So the Philadelphia Inquierer published some quite informative articles on the Miss America pageant. This may be in part because Atlantic City where it is held is within the paper's greater readership area.
What we learn from all of this, and from thinking about it, is that Miss America is in crisis. The removal of the old board and the introduction of a new leadership has caused a break. Many people feel they were basically told the competition had to either drop the swimsuit portion, or be dropped by ABC. It is now clear that was never the case, and they feel lied to.
However a bigger break seems to be a fight over the wording of the contracts. The new leadership, if I am reading what is going on correctly, seems to want to make Miss America an at will employee of the Miss America organization. Weather they would remove her without good cause is hard to say, but I can see people not wanting to make removal easier. There is also talk of giving her bonuses if she does her job well.

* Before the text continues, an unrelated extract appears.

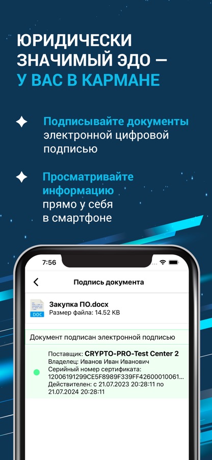 • Подписать документы усиленной квалифицированной электронной подписью (УКЭП)

Such changes are a lot bigger than ending the swim suit competition and opening the processional to any outfit, not just evening gowns.
Also unclear is how the trickle down from the national organization works. Will all state competitions no longer be allowed swim suit competitions and evening gowns as of next year.
Related to this there has been some argument over the amount of scholarship money given out by Miss America. It used to claim $45 million, but only around $2 million is actually traced. One issue often overlooked is scholarship awards are a funky thing.
Miss America compensated winners in furs and movie contracts in the 1930s. In 1944 it began giving out college scholarships. However contestants must be between age 18 and 26. Maybe it is time to reconsider the top age and move to 30. Either way, not all 26-year-olds will be going to college within the allowed time for the scholarship money. Others will have bills below what they win. This might not be a direct likelihood for those people the top prize, but many of these contestants will have other scholarship sources. So like most scholarships that awarded and that paid out is not the same.
However Miss America has another problem. It is actually the main motivation behind dropping the swim suit competition, although I am not sure that change will fix the other problem. In the 1980s annual competitors within the system could number 85,000. This year, only 4,000 women entered into the competition at its sub-state level feeder competitions.
Why this is I cant say for sure. Marriage rates for women in this age bracket have dropped. Have any competitors with out-of-wedlock children ever participated? Even if they are not formally barred, post-pregnant bodies are a hard fight against those that were never such in many cases.
There are many other issues. There are lots more options for women in sports, other scholarship options have also multiplied. Social stigma against pageants has increased. At the same time all youth organizations have struggled. Boy Scouts a little less since the LDS-Church propped it up, but the break between the LDS Church an Boy Scouts may have been because the system called for a level of social capital not workable any more. It also was mainly just the LDS Church and BSA and Boy Scouts Canada, and only on the boys not the girls side. All this made the attempt of leaders of the Church of Jesus Christ of Latter-day Saints such as Russell M. Nelson to create a unifying worldwide program only workable if scouts was left behind.
There is another possible issue. This is competition inflation. Basically over time people run up the stakes of competitions by trying harder and harder to win. This increases the direct financial costs of winning and more often the opportunity cost, the amount of time diverted to winning as opposed to other things.
Closely related to this is the likelihood that the number of local level competitions has fallen. Whenever such a competition folds, it probably decreases the likelihood people will participate.
Right now Miss America is facing the effects of years of fewer competitors and apparently a loss of sponsors. The new contracts seem to say your scholarship money is unsure, and you will be more at will. I can see why people are reluctant to sign such especially with a lack of transparency at the top. Rewriting the contracts the same year the competition itself was so fully reformatted was a very bad idea.